Didn’t know anything at all.  As a matter of fact, after I lost to Ali, I was trying to get people to get on my bandwagon so I could really get a movement to get a title match.  And a friend said that there was a church in Garden Grove [in California] that had a little luncheon every day, and they invite people to speak.  He said, “I’m going to invite you to speak.”

So, I got there, and I asked the guy who ran the church, his name was Dr. [Robert] Schuller [now pastor of the Crystal Cathedral in Garden Grove]. I said, “Hey, what should I talk about?  I don’t know what to do.” He said, “Well, Muhammad Ali is always talking about Muhammad and Allah. Why don’t you say something about Jesus?”  I said, “Okay.” So I just go there and say, “Muhammad is talking about Allah, and I’m going to talk about Jesus.” And everybody laughed. I’d just say that over and over and over.  Never believing it, nor did I intend to ever believe it.

So Dr. Schuller, as a matter of fact, when I had [my religious] experience, was the first one I called.  And I told him what had happened to me.  I said, “Look, I’m not playing, man. Jesus is really alive.”  He said, “I believe you, George.”  I said, “I’m serious, man!  When I spoke at your church, I didn’t know what I was talking about.”  He said, “I believe you.”

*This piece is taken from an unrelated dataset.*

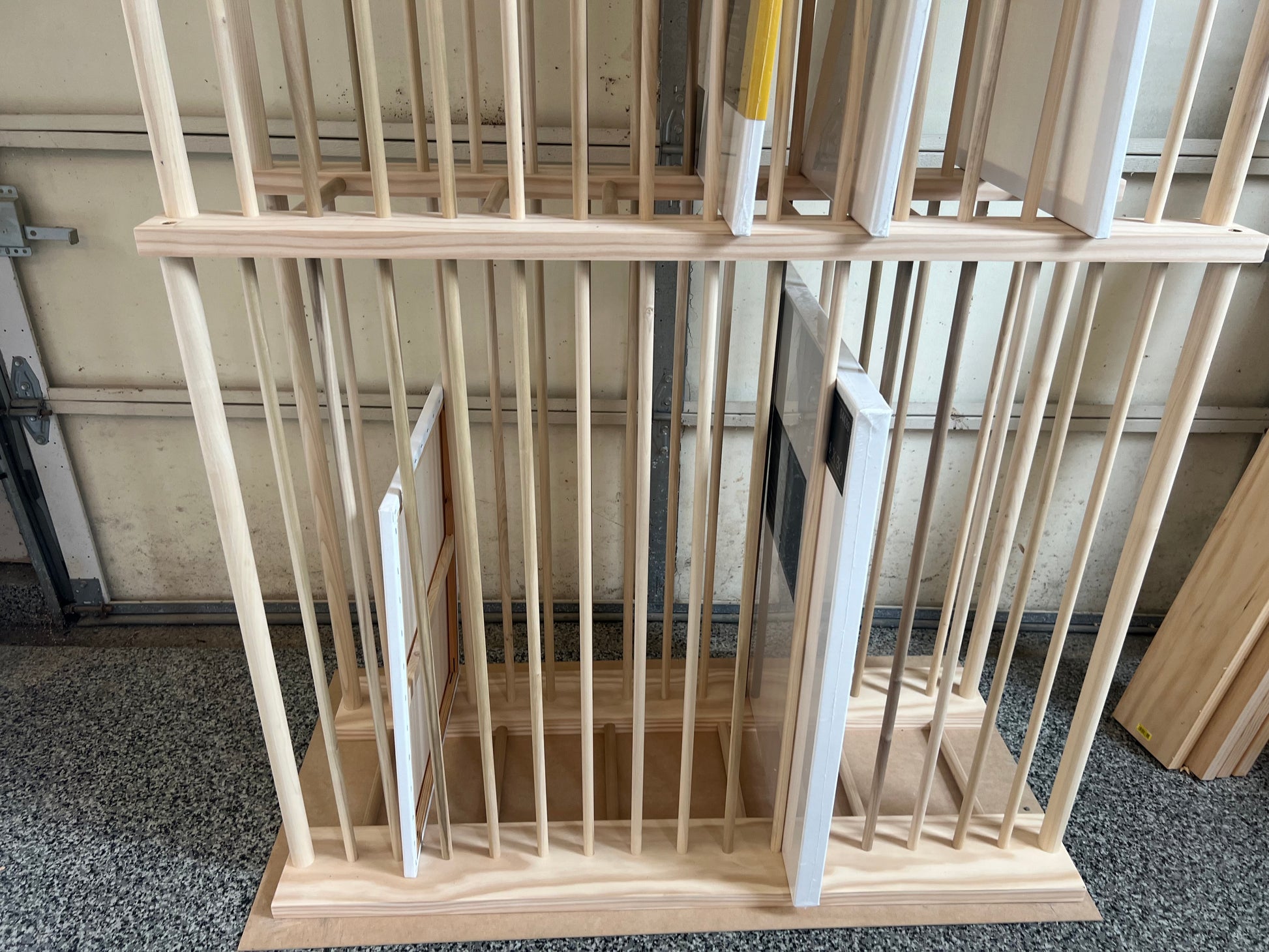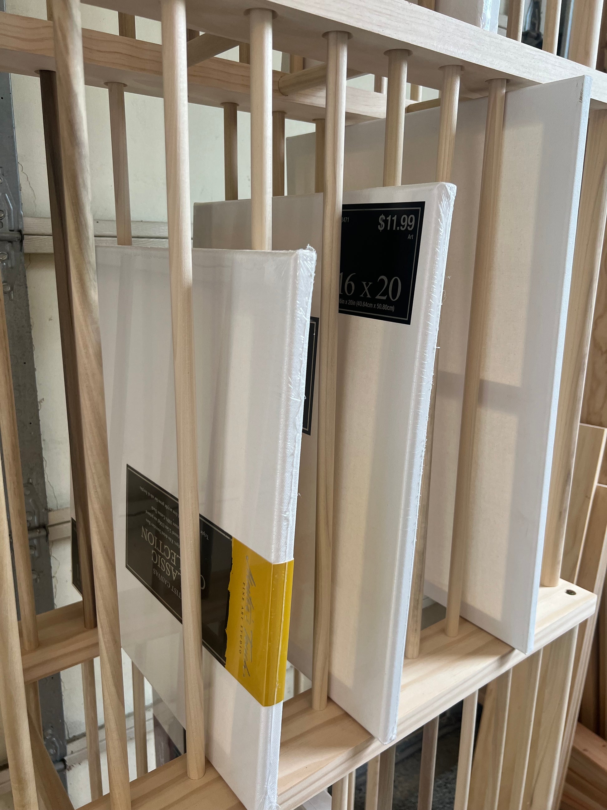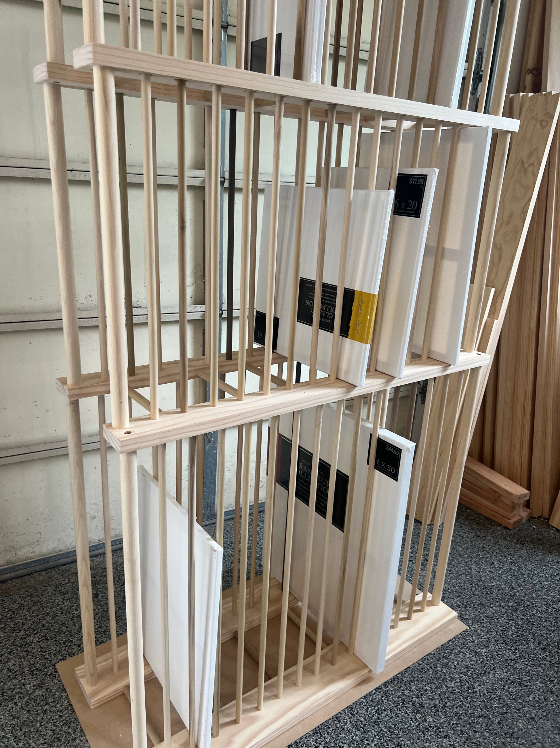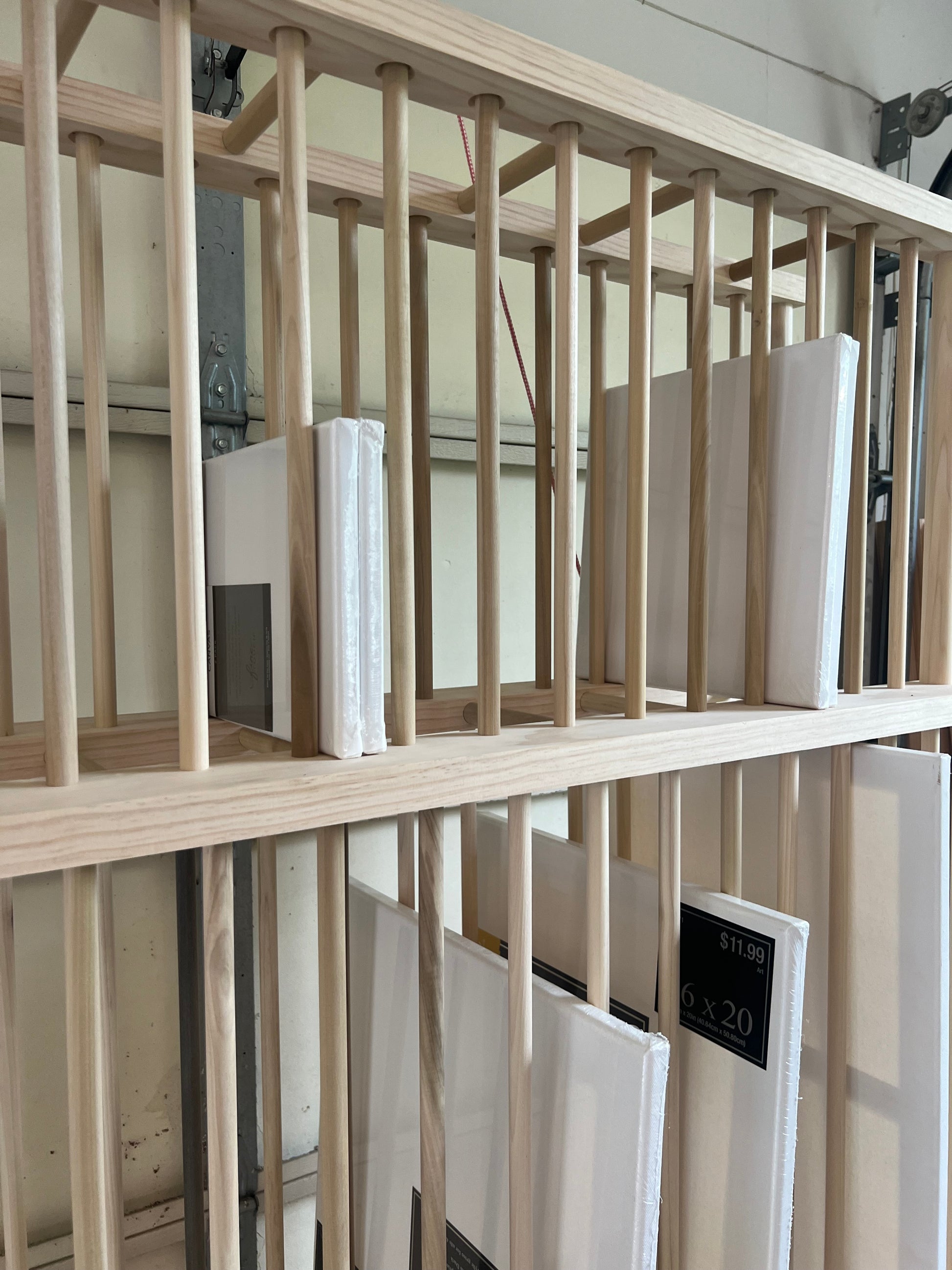 This rack has 16 2” wide storage slots on three levels and is designed to hold Art Canvas up to 36” on the bottom section, 24” tall on the mid section and 18” tall on the top section.

Isn’t that the strangest thing in the world?  When I [started going to church], there were so many preachers there. They’d let me tell [my] testimony, but I didn’t get a chance to preach much. One kid said to me, “George, I know how you can preach. Let’s go on the street corners.”  I [began] traveling from one street corner to another, three-fourths through Louisiana, Tyler, Texas, all around Houston. So I picked a certain corner, just by coincidence. And I preached on a corner, it wasn’t too far from where my father, J.D. Foreman lived, who had always been an alcoholic.  I didn’t know that he was hiding in the way, listening to everything I said, and watching me carry on.

The next week he was in church. And he said to my mother, “You know, something’s happened to that boy. I got to find out what it is.” He never took another drink. We [would go] to church as brothers–he called me the preacher, and he was Brother Foreman—until the day he died.

How difficult was it to come back to the ring after being a preacher? 

The punching bag used to be the fellow I was going to fight.  I could just see that bag—see [my opponent] in the bag— and tear the bag up. But, after the experience [in 1977], I went to a punching bag, and it was just rags and leather. I just couldn’t concentrate like that anymore. So, I left boxing for 10 years.

I started a youth center in Houston. The kids would come in and want to learn to box, they wanted to tear up the world, beat up the world. And I’d try to show them they didn’t need anger.  They didn’t need all that killing instinct they’d read about. You can be a human being and pursue boxing as a sport. What I learned from them is never to punch in anger. And, in the end, it rubbed off on me. I was able to go back into boxing because I’d learned from the children.You don’t have to try to hurt people and be angry to be an athlete.

But isn’t it hard to throw a punch without being nervous that you might inflict pain on someone else?

No.  It would be hard to throw a punch to someone who wasn’t a boxer, who wasn’t in the ring, and who didn’t have on a pair of boxing gloves and who hadn’t been training.